Dem Kläger wird auf Grund eines Arbeitsunfalls mit Knieverletzung eine Verletztenrente nach einer MdE von 20 seit Juli 2008 gewährt. Vom Versorgungsamt wurde dem Kläger seit Mai 2008 ein GdB von 50 sowie das Merkzeichen G zuerkannt (Bl. 34 der Verwaltungsakte).
Am 23. Oktober 2008 stellte der Kläger bei der Beklagten einen Antrag auf Gewährung einer Erwerbsminderungsrente, den er vorwiegend mit Beschwerden des Knies begründete (Bl. 13 ff der Verwaltungsakte).

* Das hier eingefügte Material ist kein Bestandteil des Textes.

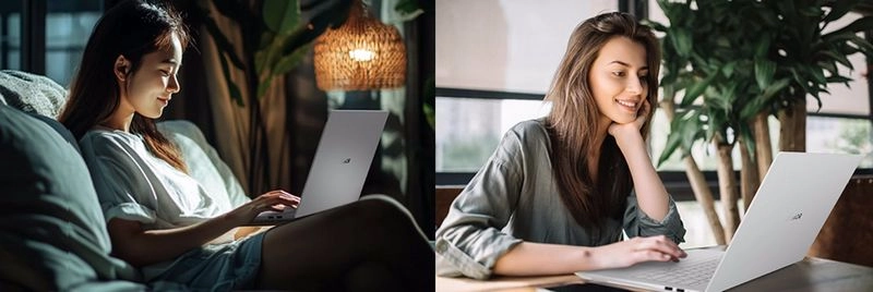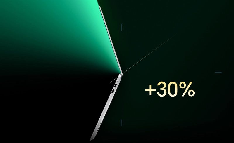 Благодаря сверхтонким рамкам 14,6-дюймовый OLED-дисплей помещён в корпус, сравнимый по размерам с обычными 14-дюймовыми моделями. Разрешение 3,1K и пропорции 3:2 увеличивают полезное рабочее пространство, а частота 120 Гц обеспечивает плавность интерфейса и насыщенность изображения.

Nach Beiziehung und Auswertung von medizinischen Unterlagen und Befundberichten gab die Beklagte eine orthopädische Begutachtung durch Dr. A. in Auftrag. In seinem Gutachten vom 2. Dezember 2008 diagnostizierte Dr. A. eine Gonarthrose beidseits, links bei Zustand nach zweifacher vorderer Kreuzbandrekonstruktion, weiter ein degeneratives Lumbalsyndrom und ein rezidivierendes Zervikalsyndrom bei Fehlstatik. Die Beschwerdebilder der HWS, LWS als auch beider Kniegelenke seien einer konservativen fachorthopädischen Therapie zugänglich, insbesondere sollte eine muskuläre Kompensation im Bereich des linken Kniegelenks erreicht werden. Leichte Tätigkeiten des allgemeinen Arbeitsmarktes könne der Kläger unter Beachtung näher dargelegter qualitativer Einschränkungen sechs Stunden und mehr verrichten. Die Leistungsfähigkeit als Bodenleger betrage hingegen weniger als drei Stunden arbeitstäglich (Bl. 65 ff der Verwaltungsakte).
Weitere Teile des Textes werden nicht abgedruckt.